• **Problem to work on**: Leaving the pictures aside, transcribe every line below exactly.

=== Data segment ===

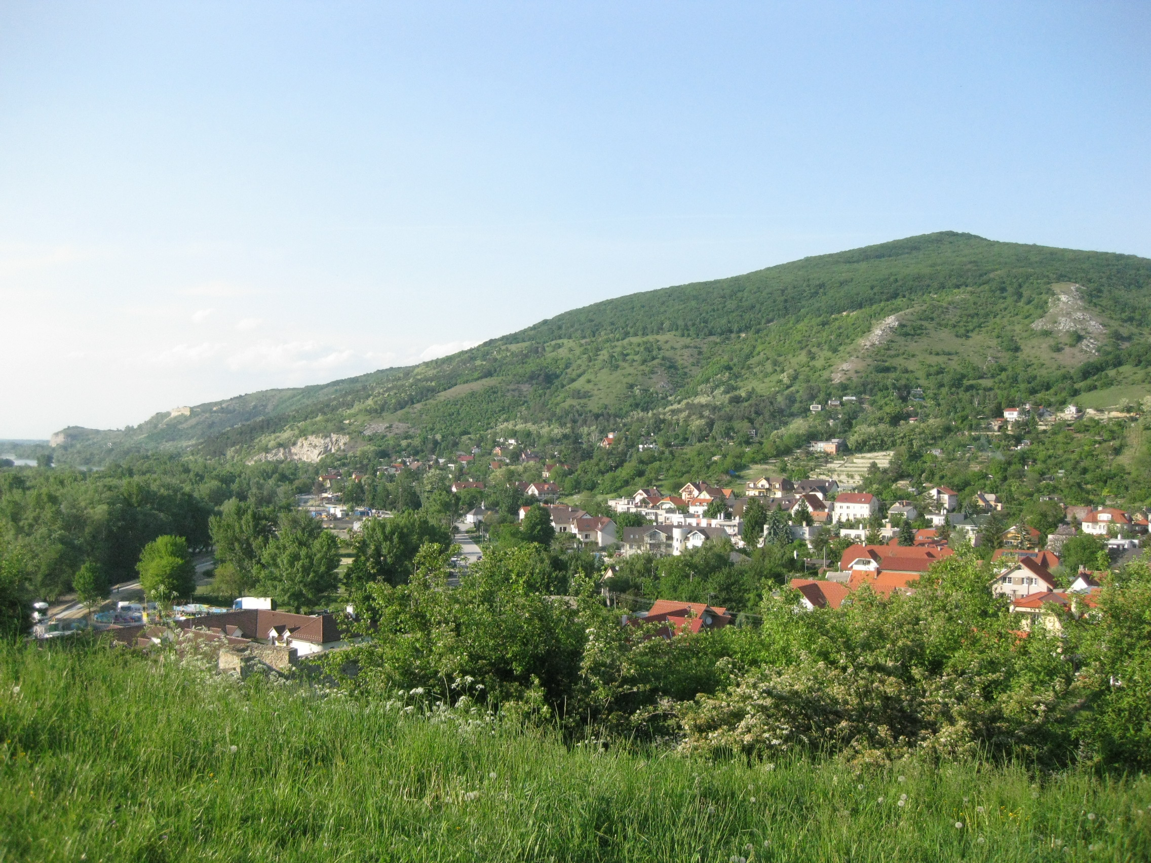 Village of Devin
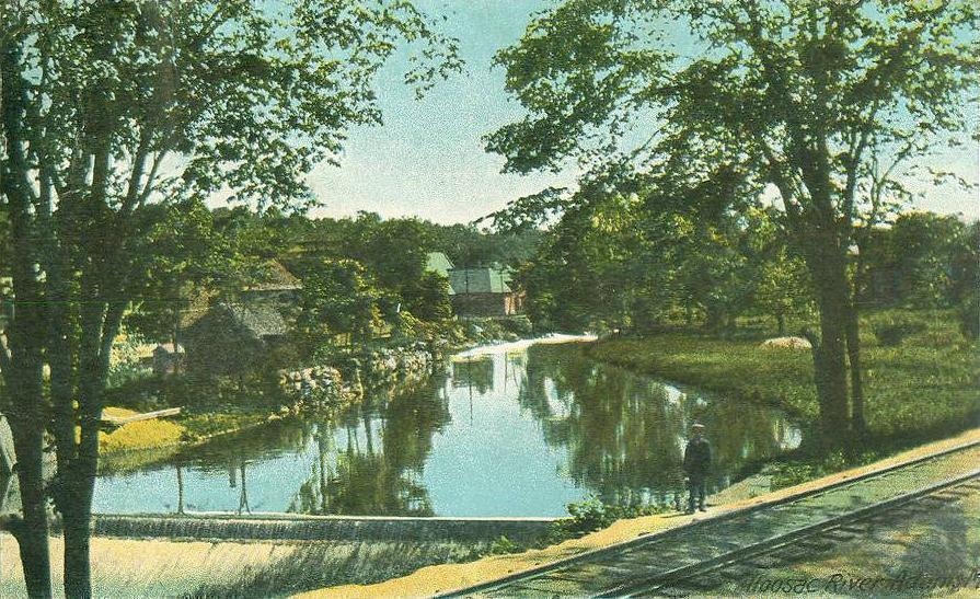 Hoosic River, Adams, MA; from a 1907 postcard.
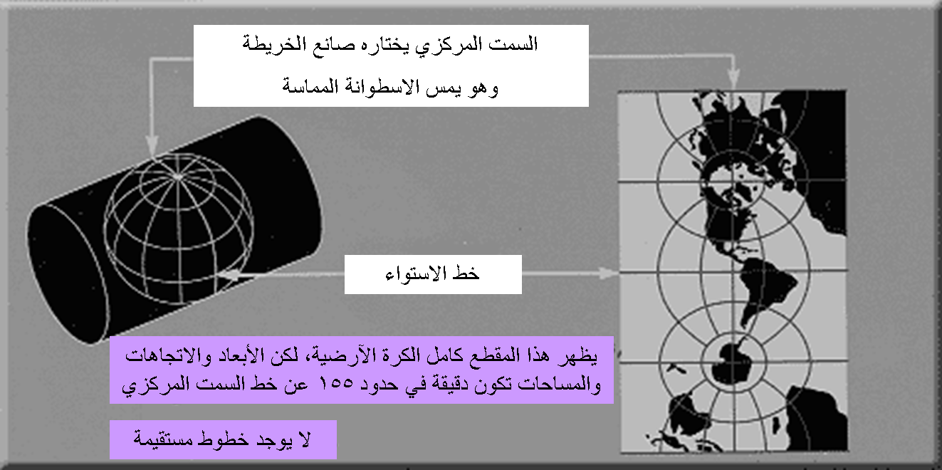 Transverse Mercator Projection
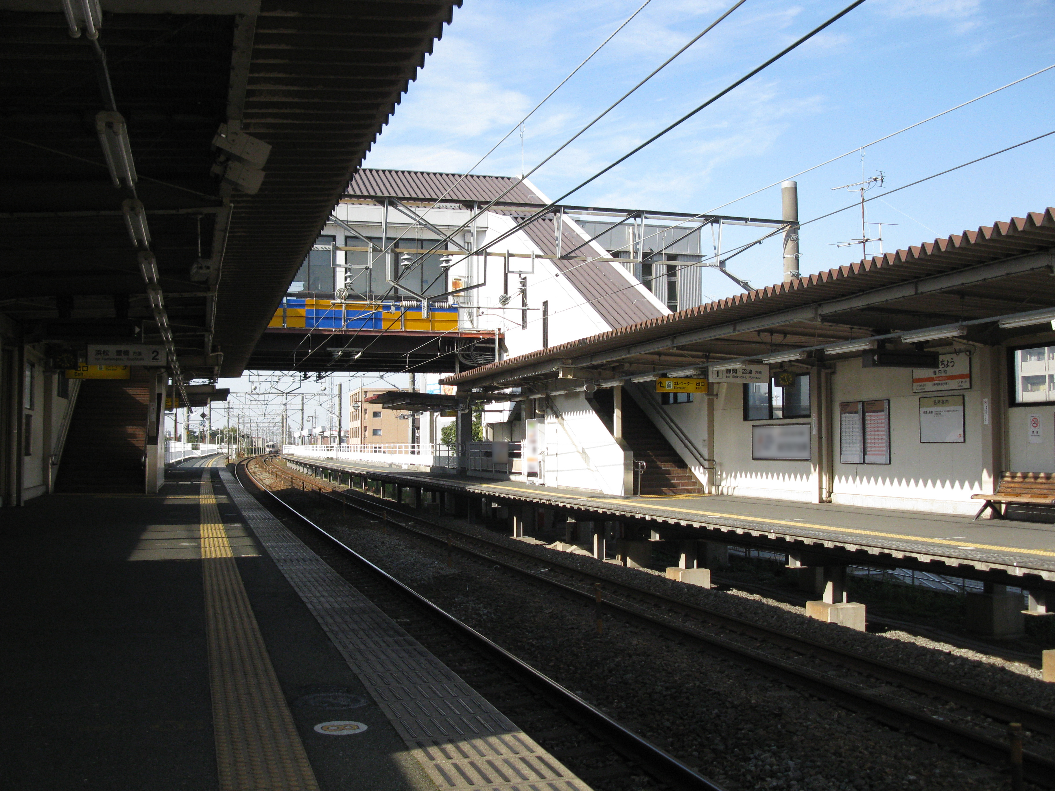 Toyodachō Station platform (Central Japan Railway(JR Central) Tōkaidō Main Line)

===

• **Written answer**:
 Village of Devin
 Hoosic River, Adams, MA; from a 1907 postcard.
 Transverse Mercator Projection
 Toyodachō Station platform (Central Japan Railway(JR Central) Tōkaidō Main Line)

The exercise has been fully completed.